• **Provided material**:
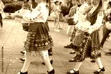 Girls in Bulgarian folk costumes walking and scattering rose petals. City parade with Bulgarian women in embroidered dresses, traditional outfits carrying baskets of roses petals
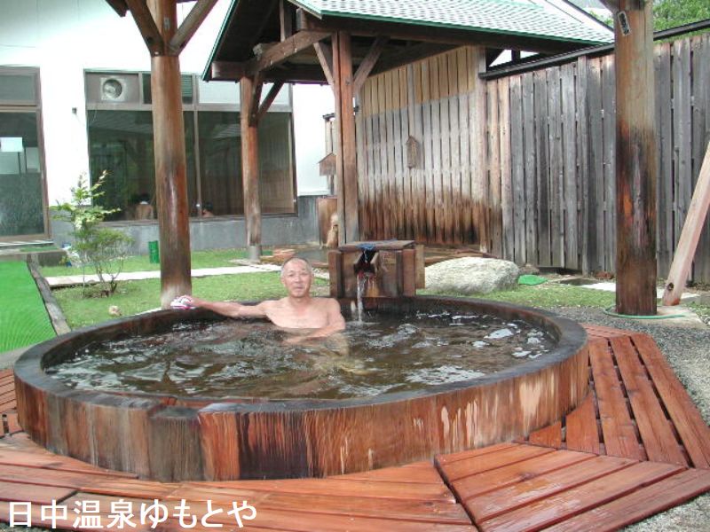 福島県と山形県米沢市を結ぶ国道121号線、昔は大峠越えや押切川の水害などで難所とされていましたが県境に日中ダムが完成し、レインボーラインも開通した現在は快適なドライブコースになっています。「ゆもとや」は、その日中ダムを目の前にした広大な草原に建つ、ヒメユリ咲く山峡の秘湯の一軒宿です。開湯の歴史は古く、江戸時代末期にさかのぼります。泉温は40℃とややぬるめですが、ゆっくり浸かれば身体の芯から温まります。露天風呂は木の香ただよう総檜造りで、熱めの湯と温めの湯2種類あり、火照った体を草原の爽やかな風で冷ましながらの入浴は心和みます。
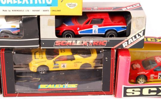 A good collection of 6x vintage boxed Scalextric slot racing cars. Comprising: C54 Lotus, C130 Triumph TR7, C139 Brabham, C429 RS 200, C130 Triumph TR7 and an SCX made 83460 Ford RS-200. All within their original boxes.
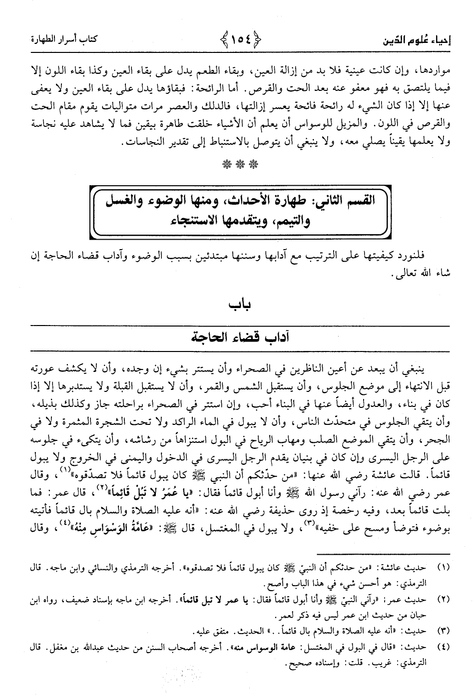 2 - حَدِيث عمر «رَآنِي النَّبِي صَلَّى الله عَلَيْهِ وَسلم وَأَنا أبول قَائِما فَقَالَ يَا عمر لَا تبل قَائِما»

• **Your goal**: Without including any picture, copy the listing above exactly and in full.

• **Task solution**:
 Girls in Bulgarian folk costumes walking and scattering rose petals. City parade with Bulgarian women in embroidered dresses, traditional outfits carrying baskets of roses petals
 福島県と山形県米沢市を結ぶ国道121号線、昔は大峠越えや押切川の水害などで難所とされていましたが県境に日中ダムが完成し、レインボーラインも開通した現在は快適なドライブコースになっています。「ゆもとや」は、その日中ダムを目の前にした広大な草原に建つ、ヒメユリ咲く山峡の秘湯の一軒宿です。開湯の歴史は古く、江戸時代末期にさかのぼります。泉温は40℃とややぬるめですが、ゆっくり浸かれば身体の芯から温まります。露天風呂は木の香ただよう総檜造りで、熱めの湯と温めの湯2種類あり、火照った体を草原の爽やかな風で冷ましながらの入浴は心和みます。
 A good collection of 6x vintage boxed Scalextric slot racing cars. Comprising: C54 Lotus, C130 Triumph TR7, C139 Brabham, C429 RS 200, C130 Triumph TR7 and an SCX made 83460 Ford RS-200. All within their original boxes.
 2 - حَدِيث عمر «رَآنِي النَّبِي صَلَّى الله عَلَيْهِ وَسلم وَأَنا أبول قَائِما فَقَالَ يَا عمر لَا تبل قَائِما»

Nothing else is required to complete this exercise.